BY Kieran Grant June 11, 2008 15:06
With their acclaimed 2005 documentary Metal: A Headbanger’s Journey, Toronto filmmakers Sam Dunn and Scot McFadyen hammered a cultural study out of heavy metal, using Dunn’s lifelong devotion to headbanging —?and his background in anthropology —?as their guide. Such was the movie’s credibility as both a history of the subculture and a celebration of the music, it’s no shock that the duo have upped the ante with Global Metal. The follow-up, which kicks off North By Northeast’s film fest component at the Royal (608 College) Thursday (June 12) and opens in theatres June 20, focuses on both the interconnectivity and divergence of metal culture as it has disseminated throughout the world — in particular in Brazil, Japan, China, Indonesia, India and the Middle East. Think of it not so much as a sequel as an advanced study.
EYE WEEKLY caught up with Dunn by phone from Vancouver, where he and McFadyen were at work on upcoming docs about Iron Maiden and Rush, respectively.
It’s one thing to trace the history of metal and the basis of the subculture, but quite another to explore how it has colonized the world. How did you narrow down the many roads you could’ve taken?
We discovered metal had spread much farther than we’d imagined —?and we consider ourselves to be experts on the topic. But aside from Brazil and Japan, we really didn’t know much about it. We started with a list of about 30 countries where we knew there were scenes. Then, as we got into countries like China, Indonesia, Israel and even Dubai, we found they?all had their own unique story.

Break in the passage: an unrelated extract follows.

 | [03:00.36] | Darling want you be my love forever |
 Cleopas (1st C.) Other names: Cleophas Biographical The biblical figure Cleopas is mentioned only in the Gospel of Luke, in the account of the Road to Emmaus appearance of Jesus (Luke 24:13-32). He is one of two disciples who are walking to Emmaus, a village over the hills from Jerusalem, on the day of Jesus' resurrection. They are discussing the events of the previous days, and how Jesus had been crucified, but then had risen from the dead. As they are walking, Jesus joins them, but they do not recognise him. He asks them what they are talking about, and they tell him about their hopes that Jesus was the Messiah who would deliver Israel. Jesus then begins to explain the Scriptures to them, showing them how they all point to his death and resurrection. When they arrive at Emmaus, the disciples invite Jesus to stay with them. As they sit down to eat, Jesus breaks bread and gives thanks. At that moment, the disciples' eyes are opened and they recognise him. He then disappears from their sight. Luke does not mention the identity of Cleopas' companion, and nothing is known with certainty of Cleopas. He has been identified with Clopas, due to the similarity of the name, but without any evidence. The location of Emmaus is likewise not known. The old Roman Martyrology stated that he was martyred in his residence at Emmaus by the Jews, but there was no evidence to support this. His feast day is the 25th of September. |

Did it start out as more of a continuation of A Headbanger’s Journey?
We didn’t want to do a typical sequel: get a few of the big guys we didn’t get in the first film and maybe talk about a few more themes. We wanted to push it somewhere that would give something new to metalheads and present these cultures in a different way than how we normally see them through the mass media. With globalization, people around the world are exposed to Hollywood movies or Britney Spears. Metal has globalized in a very different way — it’s spread from person to person, primarily now through the internet. Metal has always been a peer-to-peer culture — it was when I was a teenager trading tapes.

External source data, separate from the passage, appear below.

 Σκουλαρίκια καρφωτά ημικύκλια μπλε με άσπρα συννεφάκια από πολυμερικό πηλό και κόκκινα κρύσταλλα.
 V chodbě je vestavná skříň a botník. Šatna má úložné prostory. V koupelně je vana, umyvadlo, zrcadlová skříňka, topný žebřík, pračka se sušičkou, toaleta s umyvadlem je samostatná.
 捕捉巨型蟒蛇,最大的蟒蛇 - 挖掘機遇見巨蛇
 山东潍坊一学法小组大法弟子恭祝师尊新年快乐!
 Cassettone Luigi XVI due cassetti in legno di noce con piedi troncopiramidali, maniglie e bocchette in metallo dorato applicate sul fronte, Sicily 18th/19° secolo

You move through many different cultures and circles of fans unified, almost exclusively, through their love of the music. Yet there is a universality to their ideas on identity and rebellion; metal becomes a common language. Of all the locales you visited, which stood apart the most?
Japan. It was the anomaly. It was a puzzle for us. Most of the other cultures that we researched,
there was a clear rebellion or anti-authority stance the metalheads were taking. In Japan it’s just fun! There is another layer to it, too: Japan has a very orderly culture, with high expectations on the way you’re supposed to behave. Metal has its specific place.
What about the way metal translates from, say, Europe to other cultures? The outer uniform is intact but there isn’t much of a metal orthodoxy in, say, Israel or China.
It starts with them being open to it and then turning it inward.
Chinese fans identified with Norwegian Black Metal because it made it cool to talk about your own culture. Instead of Norse gods and mythology, China looked to themselves. We saw this in Bali as well and didn’t get a chance to put it in the film —?it’s Hindu, of course, with strong animist ideas where everything in the natural world is infused with some spiritual power. Those elements of the culture are expressed and celebrated in the metal music. Bali will be a DVD extra!
You don’t shy away from how the music gets intertwined with politics and religion.
When Slayer came out of the suburbs of LA singing songs about war and conflict and suffering, they weren’t singing from personal experience. It was all part of the voyeurism of metal and still quite fantastical. For years metal bands have been singing about things that directly affect these kids in other countries. I’m curious to know how the larger public in those countries are going to respond to how their culture is being represented. The lens we use is metal music —?not the usual point of view.